Q From Rob Stallard: Thanks for creating an excellent site, which is very useful and interesting. However, flummox isn’t there and everyone seems flummoxed as to its origins. Any ideas?

A Neat.

It’s certainly one of the odder-looking words in the language, with that final x. We can take the word back a couple of hundred years, but after that it’s all guesswork.

The word first appears in mainstream English in the middle of the nineteenth century. Charles Dickens is the first writer known to have used it, in his Pickwick Papers: “And my ’pinion is, Sammy, that if your governor don’t prove a alleybi, he’ll be what the Italians call reg’larly flummoxed, and that’s all about it.”

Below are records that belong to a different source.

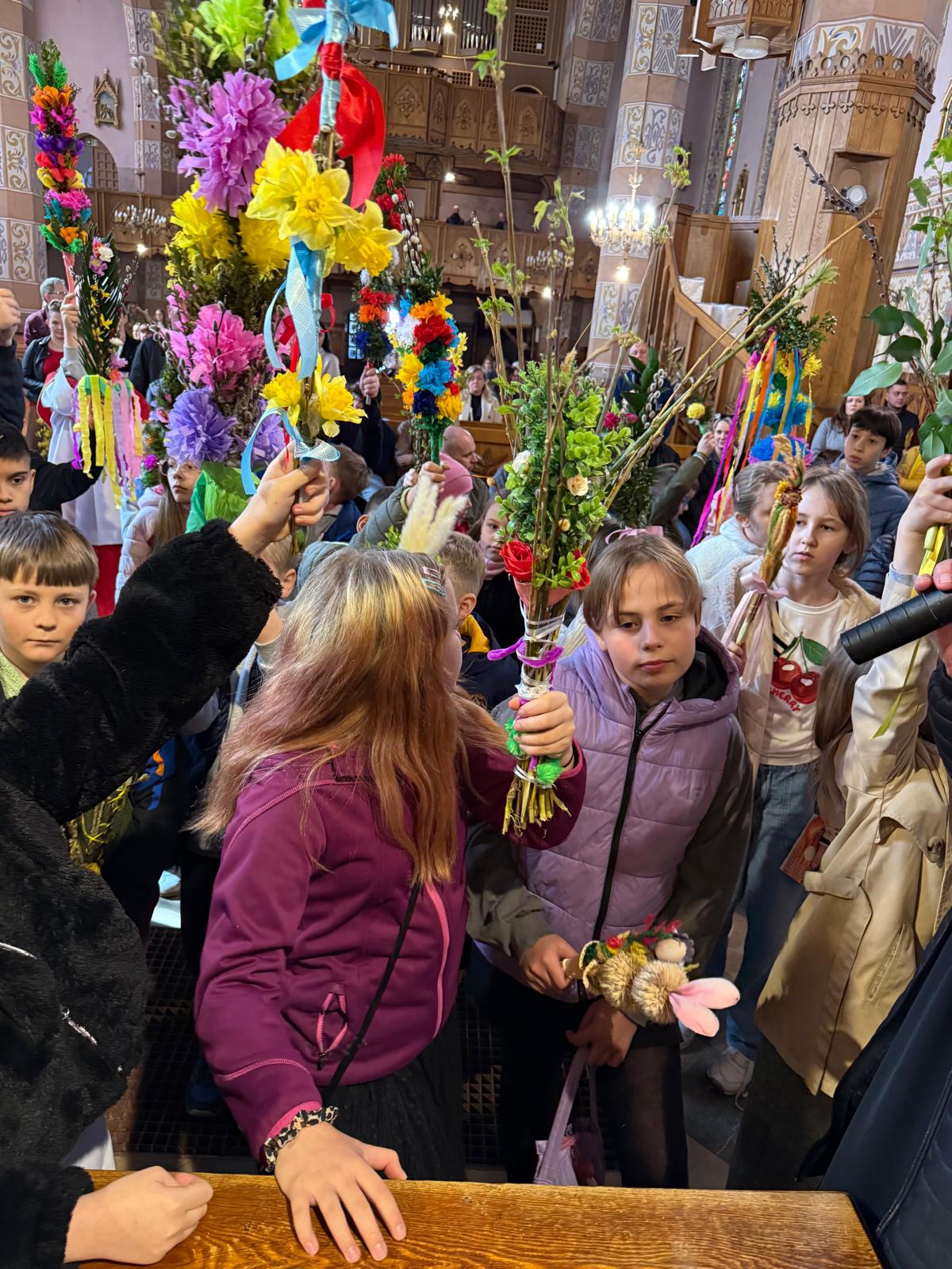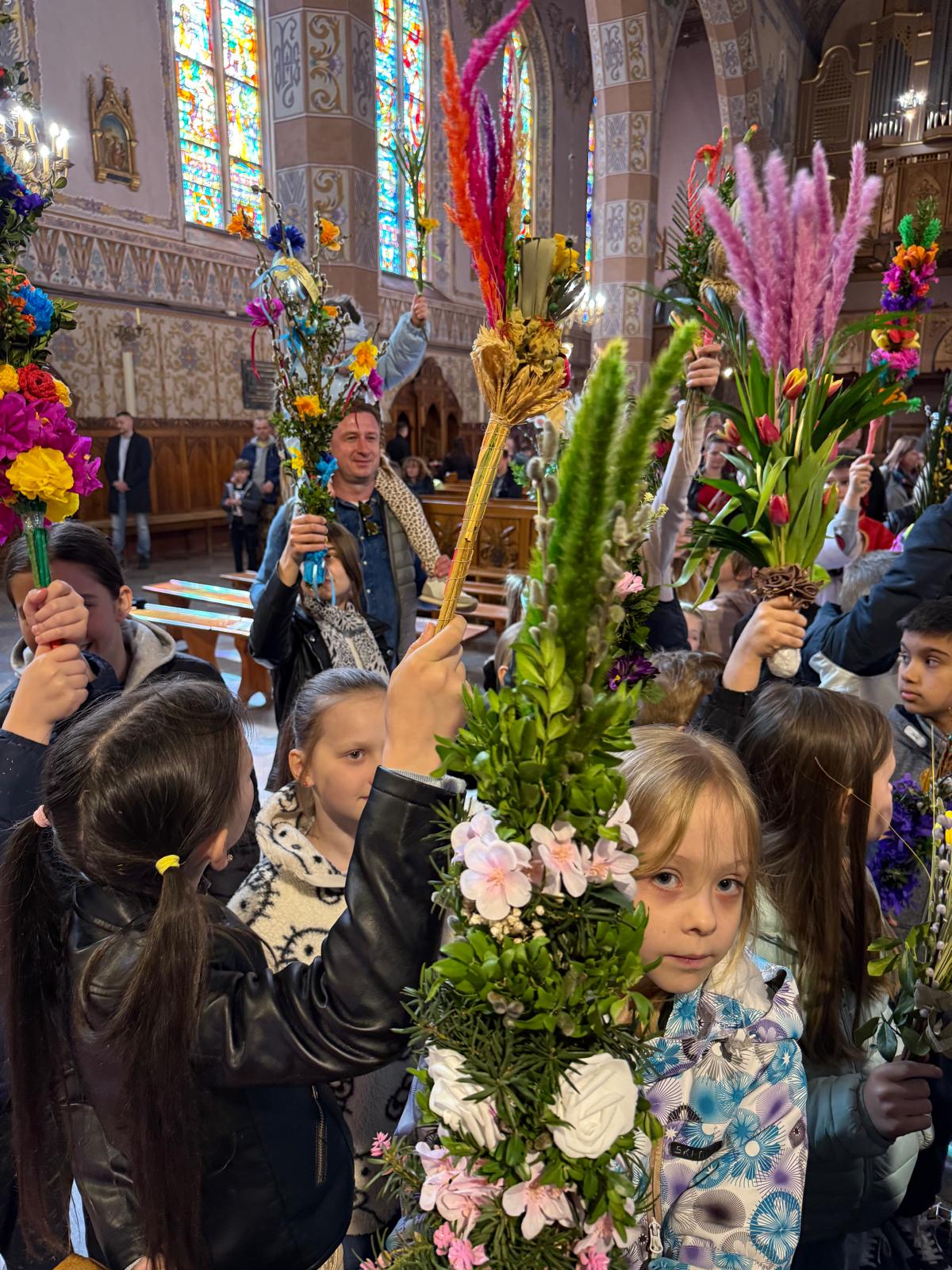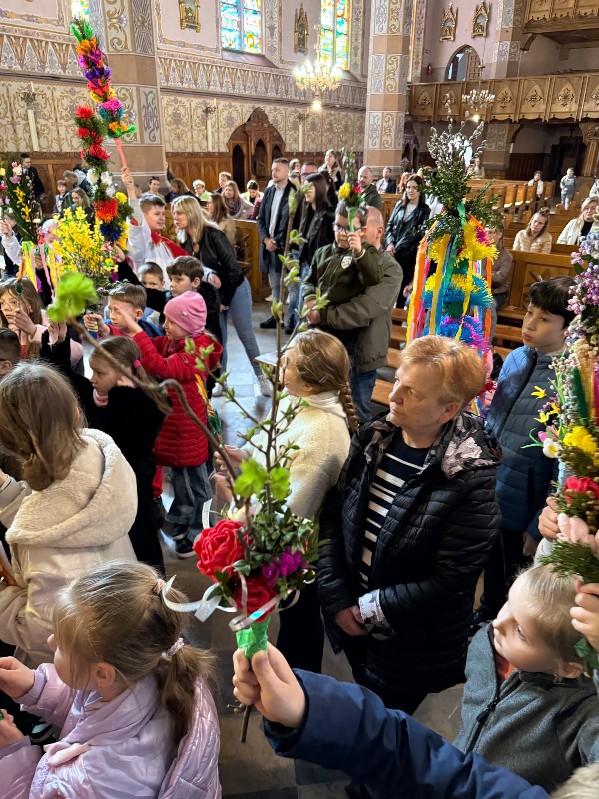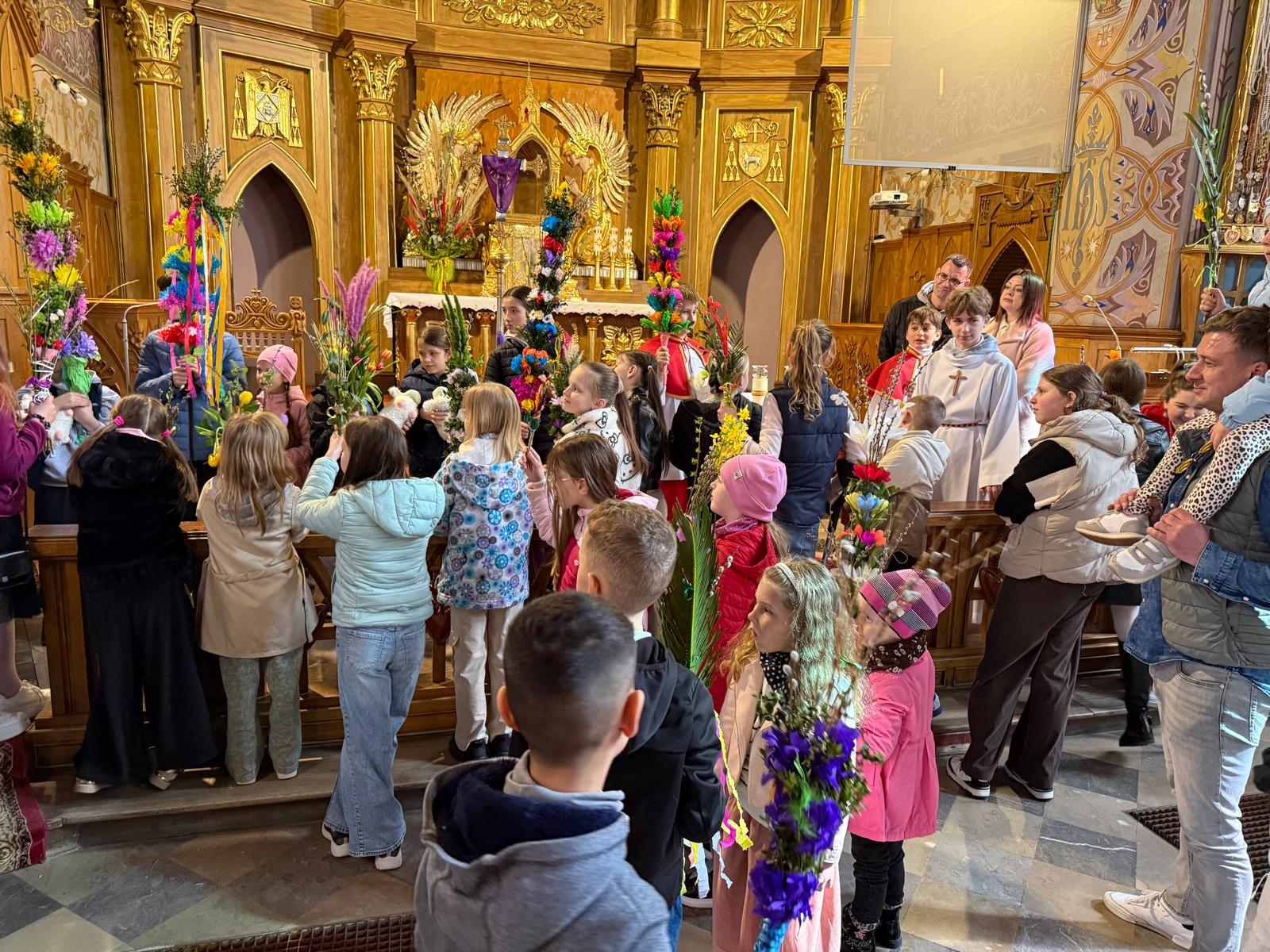 Wspomnienie uroczystego wjazdu Pana Jezusa do Jerozolimy znane jako niedziela palmowa co roku przeżywamy radośnie i kolorowo. Podczas Mszy Świętej o godzinie 11:30 odbyła się procesja wokół kościoła z palmami i wesołym śpiewem scholi dziecięcej prowadzonej przez p. Jolantę Wilczyńską. Cały kościół wypełniły własnoręcznie zrobione palmy i część wymagała nawet kilku tygodni pracy. Serdecznie gratulujemy! Zapraszamy do obejrzenia zdjęć z tego wydarzenia. Jednocześnie zachęcamy do uczestnictwa w Triduum Paschalnym w naszej Parafii.
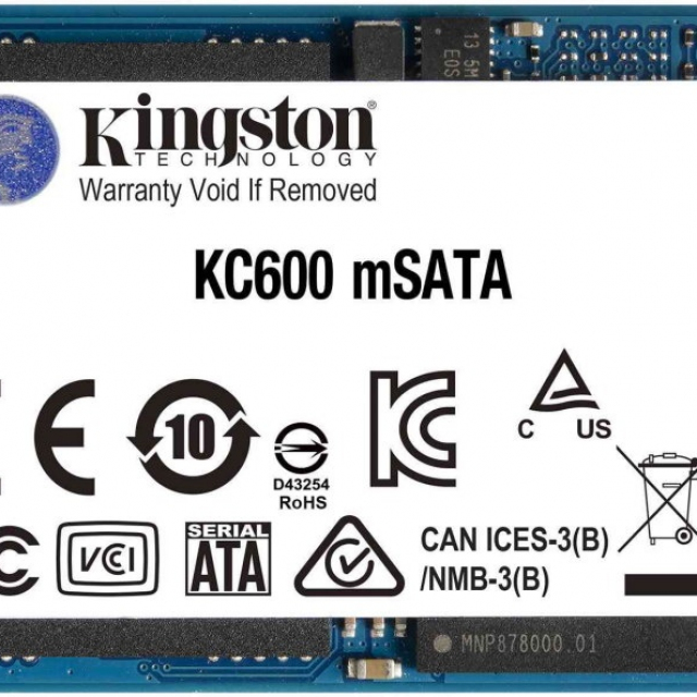 mSATA SSD 256GB Kingston KC600, SATAIII,SeqReads:550 MB/s,SeqWrites:500 MB/s, Max Random 4k Read: 90000 IOPS/ Write: 80000 IOPS, 7mm, Controller SM2259, XTS-AES 256-bit encryption, 3D NAND TLC
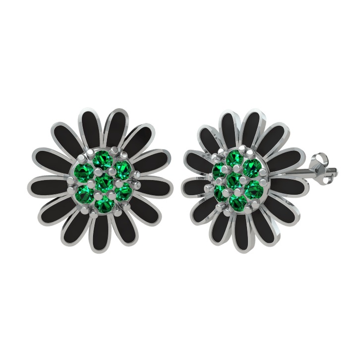 Yeşil kuvars 925 ayar gümüş küpe (Siyah mineli)
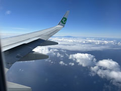 Met een half uur vertraging gaan we de lucht in. Het toestel is niet goed schoongemaakt… in de afvalzakjes zit nog viezigheid van de vorige vlucht.

Don’t be misled by that reference to Italians, that’s just a fancy of old Mr Weller. But there’s evidence that the word is older in Scots and English dialects, in the same sense that we use it now, to be bewildered, perplexed, or puzzled, or to defeat or overcome somebody in argument (“That fair flummoxed ’im!”). At one time, Americans sometimes used it in the sense of failing or being defeated and so being exhausted or beaten, but that sense seems to have died out.

There’s also the English dialect flummock, at one time known from Yorkshire down to Gloucestershire, to go about in a slovenly or untidy manner, or to make things untidy, or to confuse, which may be a slightly older version of the same word. It might also be linked to lommock or lummox, a clumsy or stupid person, known from the same area.

That’s where the trail runs cold. The suggestion is that all these words are in some degree imitative of the noise of throwing things down noisily or untidily, so it may be associated with another dialect word flump, a heavy or noisy fall.